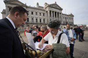 (250515) -- MONTEVIDEO, 15 mayo, 2025 (Xinhua) -- Una mujer escribe en el libro de condolencias durante la segunda jornada...
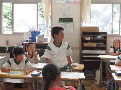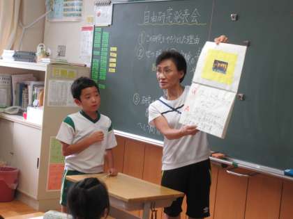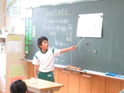 夏休みに取り組んだ研究や作品について、発表していました。説明の仕方がわかりやすくて、友だちにも上手に伝わっていました。
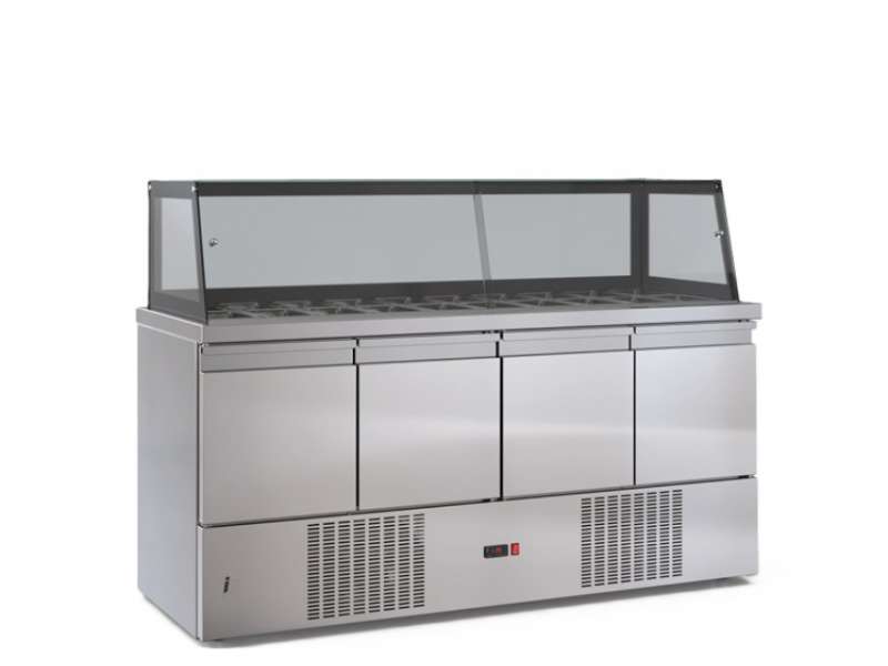 Επαγγελματικό ψυγείο σαλατών συντήρηση με μηχανή κάτω με 4 πόρτες από ανοξείδωτο χάλυβα.
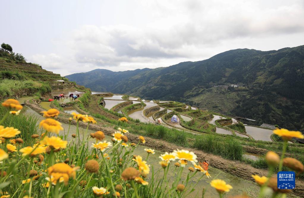 4月20日,村民在貴州省黔東南苗族侗族自治州從江縣加榜鄉加車(chē)村梯田里勞作。
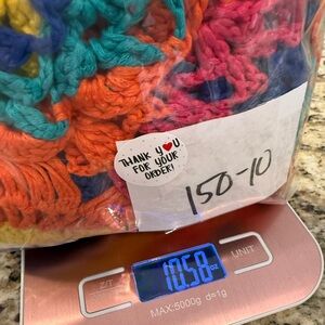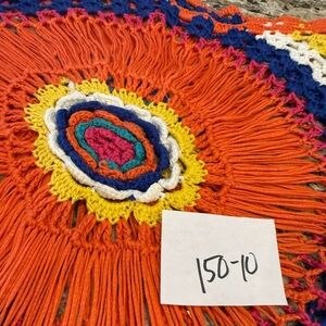 Crochet boho crop sleeve semi sheer sweater. Features a retro 70s style crochet sweater in vibrant royal blue, orange, teal, yellow, white and red, striped pattern with a large circular torso design, scoop neckline and a soft crocheted fabric. Appears to be handmade. No tags are present. In excellent condition. For reference the mannequin is a size 6. Please see photo measurements. Listed as SZ S/M.
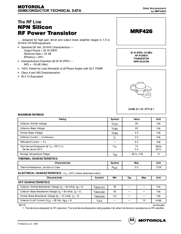 Datasheet MRF426REV0:

# # # # # # #

## Work to complete
A word-for-word copy of the entries above is what is needed, without any images.

## Answer section
 (250515) -- MONTEVIDEO, 15 mayo, 2025 (Xinhua) -- Una mujer escribe en el libro de condolencias durante la segunda jornada...
 夏休みに取り組んだ研究や作品について、発表していました。説明の仕方がわかりやすくて、友だちにも上手に伝わっていました。
 Επαγγελματικό ψυγείο σαλατών συντήρηση με μηχανή κάτω με 4 πόρτες από ανοξείδωτο χάλυβα.
 4月20日,村民在貴州省黔東南苗族侗族自治州從江縣加榜鄉加車(chē)村梯田里勞作。
 Crochet boho crop sleeve semi sheer sweater. Features a retro 70s style crochet sweater in vibrant royal blue, orange, teal, yellow, white and red, striped pattern with a large circular torso design, scoop neckline and a soft crocheted fabric. Appears to be handmade. No tags are present. In excellent condition. For reference the mannequin is a size 6. Please see photo measurements. Listed as SZ S/M.
 Datasheet MRF426REV0:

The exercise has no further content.